EXERCISE MATERIAL:
╭──
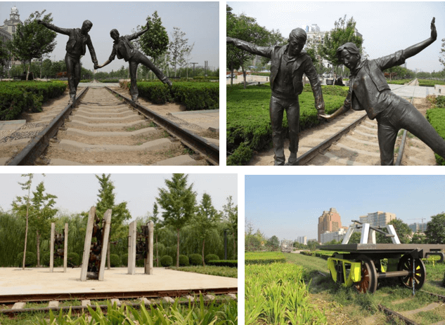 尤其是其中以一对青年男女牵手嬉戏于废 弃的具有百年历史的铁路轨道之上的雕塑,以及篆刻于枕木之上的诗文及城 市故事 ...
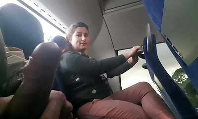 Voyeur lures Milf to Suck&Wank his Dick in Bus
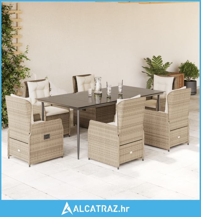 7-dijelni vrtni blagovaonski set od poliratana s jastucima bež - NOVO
╰──
╭──
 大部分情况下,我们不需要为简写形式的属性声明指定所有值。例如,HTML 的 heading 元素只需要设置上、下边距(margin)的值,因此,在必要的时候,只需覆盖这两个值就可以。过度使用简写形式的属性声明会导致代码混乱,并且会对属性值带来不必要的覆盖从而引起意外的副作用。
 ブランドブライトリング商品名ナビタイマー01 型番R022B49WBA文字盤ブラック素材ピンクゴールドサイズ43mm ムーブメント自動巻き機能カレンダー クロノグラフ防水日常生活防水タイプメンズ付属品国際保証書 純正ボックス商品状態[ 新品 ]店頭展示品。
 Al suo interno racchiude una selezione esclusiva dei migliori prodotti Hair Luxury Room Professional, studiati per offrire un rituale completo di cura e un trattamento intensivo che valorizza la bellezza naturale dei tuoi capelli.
╰──
AIM OF THE EXERCISE: Give back exactly, and solely, the section of the data above bounded by the line containing "尤其是其中以一对青年男女牵手嬉戏于废 弃的具有百年历史的铁路轨道之上的雕塑,以及篆刻于枕木之上的诗文及城 市故事" and the line containing "7-dijelni vrtni blagovaonski", both bounding lines included and pictures omitted.

SOLUTION TO THIS EXERCISE:
 尤其是其中以一对青年男女牵手嬉戏于废 弃的具有百年历史的铁路轨道之上的雕塑,以及篆刻于枕木之上的诗文及城 市故事 ...
 Voyeur lures Milf to Suck&Wank his Dick in Bus
 7-dijelni vrtni blagovaonski set od poliratana s jastucima bež - NOVO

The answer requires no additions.